Jeong-Whun Kim1, Kyungsu Lee2, Hyun Jik Kim3
1Department of Otorhinolaryngology-Head and Neck Surgery, Seoul National University Bundang Hospital, Seoul National University College of Medicine, Seongnam, Republic of Korea.
American Journal of Respiratory and Critical Care Medicine
|March 12, 2024
Summary
A new deep learning model uses CT scans to accurately predict obstructive sleep apnea (OSA) and its severity. This AI tool offers a promising, accessible method for diagnosing OSA, improving patient care.
Area of Science:
- Medical Imaging
- Artificial Intelligence
- Sleep Medicine
Background:
- Clinically undiagnosed obstructive sleep apnea (OSA) is prevalent due to limited polysomnography access.
- Craniofacial computed tomography (CT) scans can potentially predict OSA and its severity.
Purpose of the Study:
- To predict OSA and its severity using paranasal CT scans with a novel 3D deep learning algorithm.
- To develop and validate an AI model for non-invasive OSA diagnosis.
Main Methods:
- A multimodal deep learning model (AirwayNet-MM-H) was developed using a 3D convolutional neural network and multilayer perceptron.
- The model integrated CT images with structured data (age, sex, BMI) from internal (N=798) and external (N=135, N=85) datasets.

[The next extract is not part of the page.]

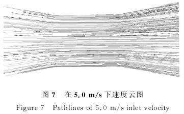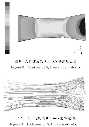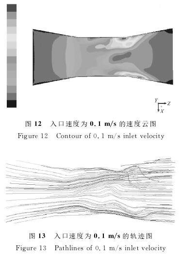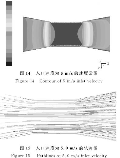 【摘(zhai)要】通過ICEMCFD軟件将局(jú)部截面變爲橢圓(yuán)形的異徑導流💔筒(tǒng)進🌈行了三維建模(mó),使用Fluent對不同入口(kou)速度下的👉流線場(chang)與速度🙇♀️分布🏃🏻♂️進行(háng)仿真計算,建立了(le)不同結構的導流(liú)筒所适用的速度(du)範圍.結果⁉️表明,速(su)度的大小和橢圓(yuán)截面離心率對流(liu)場産生的👈影響較(jiao)大.當速度減小或(huo)離心率變大時,導(dao)流筒尾部漸擴管(guan)✏️容易發生回流,緻(zhì)使流場紊亂.本研(yan)究能爲橢圓形✂️管(guan)道電磁流量計的(de)結構設計提供參(cān)考方案,爲設計合(he)理的導流筒提✊供(gong)理論依據. 電磁流(liú)量計 是工業過程(chéng)中用于計量導電(dian)性流體體積流量(liàng)的🌐儀🤩表[1],當前☎️國内(nèi)使用大多電磁流(liu)量計爲圓形截面(mian)導流筒.然而,電磁(cí)流量計對被測管(guǎn)道内的流場有一(yi)定的✉️要求,流場的(de)不💛穩定會✏️使得流(liú)量計示值不穩定(dìng),緻使測量誤差加(jiā)大[2-3].爲了解決這些(xiē)問題,本文提出橢(tuǒ)圓形截面管道設(shè)計方案. 針對橫截(jie)面爲不同離心率(lü)橢圓形的導流筒(tong),對在👈不同入口速(su)度下流場的流動(dong)性與速度分布進(jin)行Fluent仿真,欲爲合理(lǐ)💔的導流筒🌈提供理(li)論依據. 1異徑管結(jie)構的電磁理論分(fen)析 電磁流量計是(shi)基于法拉第電磁(ci)感應定律而開發(fā)的計量儀表[8].通電(dian)後的勵磁線圈在(zai)導流筒垂直方位(wèi)産生磁感應強度(du)爲B的工作磁場,待(dài)導電流體穿過時(shi),在液體兩側産生(sheng)感應電動勢E,通過(guò)對相應的電動勢(shì)進行信号處理而(er)實現體積流量的(de)準确測🈲量.感應電(diàn)動勢大小爲 E=BVD.(1) 式(1)中(zhōng):B爲工作磁場中的(de)磁感應強度;V爲導(dǎo)電液體流⭕速;D爲測(cè)量導管内徑. 導電(diàn)流體的速度V與工(gong)作磁場内的磁感(gan)應強度B都是有方(fāng)向性✍️的矢量,但各(gè)質點的速度爲非(fei)均勻分布,當流體(ti)的流速很🐅小時,會(hui)産生很小感應電(dian)動勢,與噪音混合(he)後使得測🐇量誤差(cha)🛀🏻增大,從♻️而影響到(dao)設🚶備的穩定性和(he)可靠性.其中E的數(shu)值由電極測量,單(dan)位時間内管道流(liú)量計算🧑🏽🤝🧑🏻公式爲 在(zai)電磁流量計的勵(lì)磁線圈中,電流爲(wei)I,匝數爲N,穿過工作(zuo)區🔱域的磁路長度(du)均值爲L,可得磁阻(zu)Rm與磁通勢💃🏻F爲 式中(zhong)S爲磁路的平均面(miàn)積,μ爲介質磁導率(lü).由磁場歐㊙️姆定律(lü)[9]可得❤️磁通量f 由(6)式(shi)可知,磁感應強度(dù)B與磁路長度平均(jun)值L成反比,與通過(guò)勵磁線圈的電流(liu)I成正比.相比起均(jun)勻的圓形管道,橢(tuo)😘圓導流筒内的工(gong)作磁場縮小了L值(zhi),在産生同等磁感(gan)應強度B的條件下(xià),勵磁線圈中的電(diàn)流❤️将小于前者,從(cong)而可降低電磁流(liu)量計的功耗. 2Fluent模型(xing)建立與參數設置(zhì) 使用ICEMCFD建立橢圓截(jie)面導流筒的模型(xing).導流筒的中間部(bu)分✔️爲橢圓管,兩側(cè)均爲橢圓形漸變(biàn)爲圓形的漸👨❤️👨擴管(guǎn).導流筒半長軸與(yu)X軸平行,長度35mm,半短(duǎn)軸與Y軸平行,長度(dù)28mm,短長半軸之比爲(wei)4/5,橢圓離心率❌爲0.60,長(zhang)88mm.兩端漸✏️擴管最外(wài)側圓形的半徑爲(wei)50mm,各長81mm.導流筒總長(zhang)250mm.該模‼️型的對象爲(wei)在中間直管段具(jù)有均勻磁場分布(bù)的㊙️橢圓截面管道(dào)🏃♂️的電磁流量計将(jiāng)導流筒兩端分别(bié)✂️定義爲出口與出(chū)口.流體在入口邊(biān)界以固定速度🌈垂(chui)🔅直與入口邊界流(liú)🏒入,在出口邊界自(zì)由流出,忽略重力(li).定義其他區域爲(wei)壁面,最後以四面(mian)體結構對👄模型進(jin)行網格劃分,如圖(tú)1所示.單元格數☁️量(liàng)爲204萬,網格質量評(ping)價🌂系數爲:0.65~0.70(2.5%);0.70~0.90(8.6%);0.90~1.0(86.2%).該三維(wéi)模型網格質量能(neng)夠滿足精度和收(shōu)斂要求.文中其它(ta)結構的三維模型(xing)網格,其類型與上(shàng)述一緻,網格質量(liang)基本相同. 設置模型(xíng)爲k-epsilon湍流模型[10],模拟(nǐ)對象爲液體水,仿(páng)真将以入口流速(sù)分别爲小流速0.1m/s、0.3m/s與(yu)大流速5.0m/s的條件下(xia)進行. 3速度場仿真(zhen)結果分析 以不同(tong)進口速度對該結(jié)構導流筒進行流(liú)場仿真,求💋解🏃🏻後使(shǐ)用軟件提取數據(ju).由于磁場方向平(píng)行于Y軸,故圖2至🔞圖(tú)15是在選取了與Y軸(zhóu)垂直的XOZ坐标平面(mian),并觀察速度雲與(yu)流線分🔅布圖,計算(suan)結果🐪如下. 3.1小流速(sù)下的仿真分析 取(qǔ)流入速度爲0.1m/s、0.3m/s,設置(zhi)仿真計算的叠代(dai)步數爲300,過程中分(fèn)别在🐕第211步、第186步時(shí)計算結果收斂,流(liú)量計流道🌍區域内(nei)可視爲穩态的定(ding)常流動.管内速度(dù)雲圖如圖2、圖3,流線(xiàn)圖如圖4、圖5. 由(yóu)圖2、圖3可知,在進口(kou)速度爲0.1m/s與0.3m/s條件下(xia),速度雲圖無‼️明顯(xian)差别,平面直管段(duàn)的速度分布的上(shang)下對稱性較高,靠(kào)管✍️壁速度小,中間(jiān)大,出口流體向兩(liang)側流動🔴,中間區流(liu)速小🍓. 如圖4、圖5,當入(ru)口速度爲0.1m/s時,末端(duan)發生回流現象,但(dan)中間🚩直管🐅段流場(chang)平穩,沒有受到尾(wei)部回流影響.當初(chū)始速度增加爲0.3m/s時(s

- The model was trained to classify OSA severity (normal, mild, moderate, severe) and significant OSA (moderate to severe).
Main Results:
- The AirwayNet-MM-H model achieved 87.6% accuracy for four-class OSA severity prediction in the internal dataset.
- For predicting significant OSA, the model demonstrated 91.0% accuracy and an AUC of 0.910 in the internal dataset.
- The model outperformed six other state-of-the-art deep learning models in accuracy and AUC (P < 0.001).
Conclusions:
- A novel multimodal deep learning model utilizing CT scans can accurately diagnose OSA and its severity.
- The developed AI model, AirwayNet-MM-H, offers a precise and potentially accessible tool for OSA diagnosis.
- This approach leverages existing CT scans, improving diagnostic capabilities for obstructive sleep apnea.